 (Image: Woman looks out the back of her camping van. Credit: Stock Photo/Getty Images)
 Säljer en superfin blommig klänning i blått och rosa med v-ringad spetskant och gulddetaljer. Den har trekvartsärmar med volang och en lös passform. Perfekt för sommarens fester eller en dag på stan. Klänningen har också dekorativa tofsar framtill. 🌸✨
...
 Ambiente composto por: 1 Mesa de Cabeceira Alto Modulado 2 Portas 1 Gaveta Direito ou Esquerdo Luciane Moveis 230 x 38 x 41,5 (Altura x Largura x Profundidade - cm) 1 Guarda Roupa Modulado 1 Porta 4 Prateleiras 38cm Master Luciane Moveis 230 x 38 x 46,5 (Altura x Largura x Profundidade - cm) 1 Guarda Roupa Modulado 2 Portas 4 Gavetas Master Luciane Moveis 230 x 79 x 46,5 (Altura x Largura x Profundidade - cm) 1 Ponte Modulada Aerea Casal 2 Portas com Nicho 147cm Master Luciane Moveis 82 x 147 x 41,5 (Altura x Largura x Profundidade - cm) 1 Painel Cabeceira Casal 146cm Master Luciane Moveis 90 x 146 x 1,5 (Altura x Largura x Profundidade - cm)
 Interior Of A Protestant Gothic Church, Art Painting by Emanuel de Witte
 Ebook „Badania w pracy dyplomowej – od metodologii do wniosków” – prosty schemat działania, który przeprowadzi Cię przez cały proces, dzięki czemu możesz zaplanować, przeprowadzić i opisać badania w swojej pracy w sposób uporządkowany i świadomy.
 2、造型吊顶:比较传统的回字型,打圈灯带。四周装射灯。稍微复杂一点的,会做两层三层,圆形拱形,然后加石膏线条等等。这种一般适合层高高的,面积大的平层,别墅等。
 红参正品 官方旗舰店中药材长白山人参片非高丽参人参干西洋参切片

* [EXERCISE BRIEF]:
The lines above from the one with "2、造型吊顶:比较传统的回字" through the one with "红参正品 官方旗舰店中药材长白山人参片非高丽参人参干西洋参切片" are to be duplicated exactly, ends included, with nothing added.

* [WRITTEN SOLUTION]:
 2、造型吊顶:比较传统的回字型,打圈灯带。四周装射灯。稍微复杂一点的,会做两层三层,圆形拱形,然后加石膏线条等等。这种一般适合层高高的,面积大的平层,别墅等。
 红参正品 官方旗舰店中药材长白山人参片非高丽参人参干西洋参切片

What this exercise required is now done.